15. The computer storage medium of claim 14, wherein the computer-executable instructions, when executed by the processor, cause the processor to perform operations further comprising:
determining, by the walker, if criteria specified for the walker are met; and
in response to determining that the criteria specified for the walker are not met, determining edge weights for edges that connect to the further node and again traversing the network via a highest weighted edge of the edges.
16. The computer storage medium of claim 14, wherein the computer-executable instructions, when executed by the processor, cause the processor to perform operations further comprising:
receiving, from a requestor, model input that represents a hypothetical network scenario;
feeding, to the network foundation model, the model input to obtain model output;
providing the model output to the requestor; and
receiving, from the requestor and based on the model output, a command that specifies an action to take on the network based on the model output.

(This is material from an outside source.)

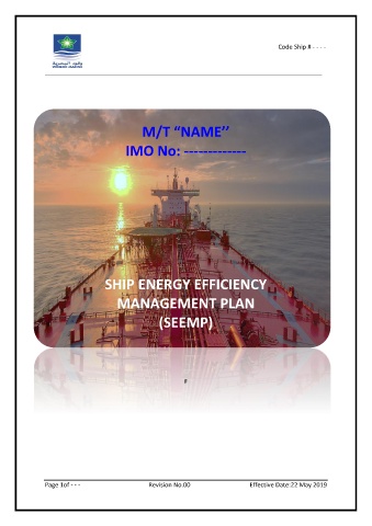Code Ship # - - - - _________________________________________________________________________________ M/T “NAME’’ IMO No: ------------- SHIP ENERGY EFFICIENCY MANAGEMENT PLAN (SEEMP) F Page 1of - - - Revision No.00 Effective Date:22 May 2019

17. The computer storage medium of claim 16, wherein the computer-executable instructions, when executed by the processor, cause the processor to perform operations further comprising:
generating, based on the command, a network command comprising instructions that, when executed by a network controller, cause the network controller to modify the network; and
providing, to the network controller, the network command.
18. The computer storage medium of claim 14, wherein the computer-executable instructions, when executed by the processor, cause the processor to perform operations further comprising:
detecting a request to create the network foundation model;
obtaining network data that describes nodes of the network, communication links between the nodes, and events at the nodes and communication links; and
creating the network topology and network-flow model based on the network data, wherein the network foundation model is generated based on the network topology and the network-flow model.
19. The computer storage medium of claim 18, wherein the network topology comprises the directed graph, and wherein the network-flow model describes traffic among the nodes of the network.
20. The computer storage medium of claim 18, wherein the network data is obtained from a network monitor that outputs a stream of events occurring on the network, and wherein the network data comprises netflow data.